By pathology, 52 malignant lesions were detected (50 HCC, 2 cholangiocellular carcinoma). The median diameter of malignant lesions was 20 mm (range 4–100). Sixteen lesions (30.8%) had a diameter of 10 mm or less. Sixteen patients (69.6%) had at least two malignant liver lesions. Pathologic T-staging and grading is shown in Table 1. Only 14 HCC lesions (26.9%) were detectable by palpation and/or inspection after celiotomy. In seven patients, 10 dysplastic nodules with a median diameter of 8 mm (range 4–15) were revealed pathologically after explantation.
Table 1. DISTRIBUTION OF T STAGES AND GRADING
HCC, hepatocellular carcinoma; CHC, cholangiocellular carcinoma; Gx, grading not possible due to tumor necrosis after ethanol injection.
Lesion-by-Lesion Analysis
HCT detected 54 lesions suspected of being malignant; 15 of them were falsely positive in 10 patients (43.5%). Nine patients (39.1%) were correctly staged by HCT. In eight patients (34.8%), 13 HCC manifestations were not detected by HCT; in five patients (21.7%), these undetected lesions were located at segments not affected by another malignant focus. The median diameter of malignant lesions missed by HCT was 10 mm (range 5–20); 7 of them were smaller than 11 mm. IOUS detected 54 lesions suspected of being malignant. Two of them were hemangioma with an atypical sonographic appearance and four were regenerating nodules. Overall, these false-positive lesions were seen in six patients (26.1%). In four patients (17.4%) a lesion was missed by IOUS; three of them were smaller than 11 mm. In three cases (13%) these lesions were located in segments not affected by other lesions. IOUS correctly staged 14 patients (60.9%).

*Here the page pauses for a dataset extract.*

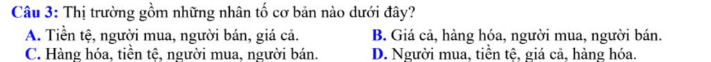 `3)` Thị trường gồm những nhân tố cơ bản nào dưới đây?

In 13 patients (56.5%) IOUS added information to the results of HCT regarding the number of malignant lesions. In two of these cases IOUS disproved a lesion falsely detected by HCT. IOUS showed a significantly higher sensitivity and predictive value of a positive test compared with HCT. Results of the lesion-by-lesion analysis are highlighted in Table 2.

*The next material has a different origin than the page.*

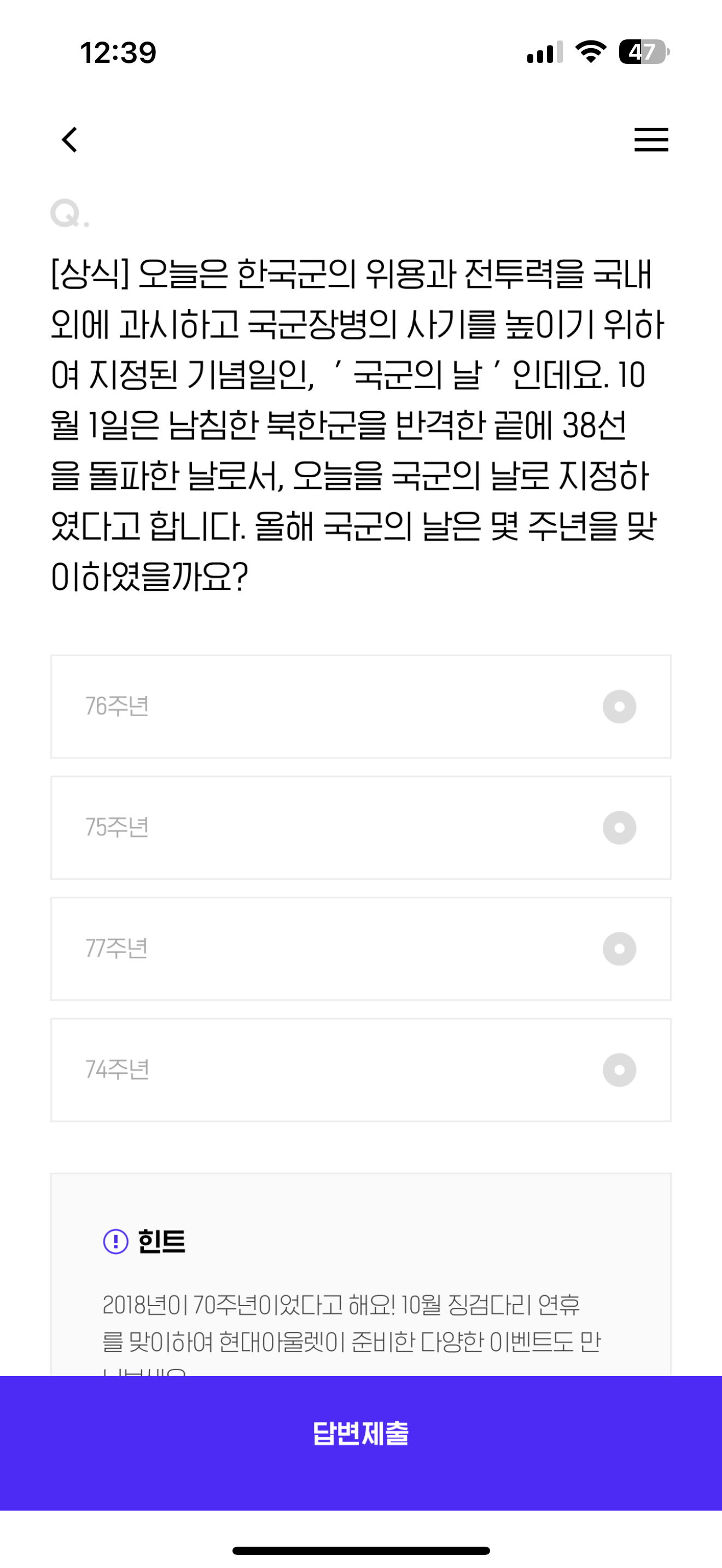 오늘은 한국군의 위용과 전투력을 국내 외에 과시하고 국군장병의 사기를 높이기 위하여 지정된 기념일인, ' 국군의 날 ' 인데요. 10월 1일은 남침한 북한군을 반격한 끝에 38선을 돌파한 날로서, 오늘을 국군의 날로 지정하였다고 합니다. 올해 국군의 날은 몇 주년을 맞이하였을까요? 보기는 1. 76주년 2. 75주년 3. 77주년 4. 74주년 입니다

Table 2. LESION-BY-LESION ANALYSIS
HCT, helical computed tomography; IOUS, intraoperative ultrasound.
*P = .017.
†P = .029.
HCT detected 40% of pathologically identified dysplastic nodules, whereas IOUS revealed 60%.
Segment-by-Segment Analysis
At pathologic examination, 52 malignant lesions involved 57 segments. Malignant segment involvement was correctly described by HCT in 87.7% and by IOUS in 94.7% of affected segments (Tables 3, 4). When examined by HCT, 11 segments were falsely interpreted to be involved by malignancy. By IOUS, five segments were falsely thought to bear malignant lesions. IOUS was shown to have a significantly higher overall accuracy than HCT (P = .042). Sensitivity, specificity, predictive value of a negative test, and predictive value of a positive test was higher for IOUS than HCT, but without a significant difference.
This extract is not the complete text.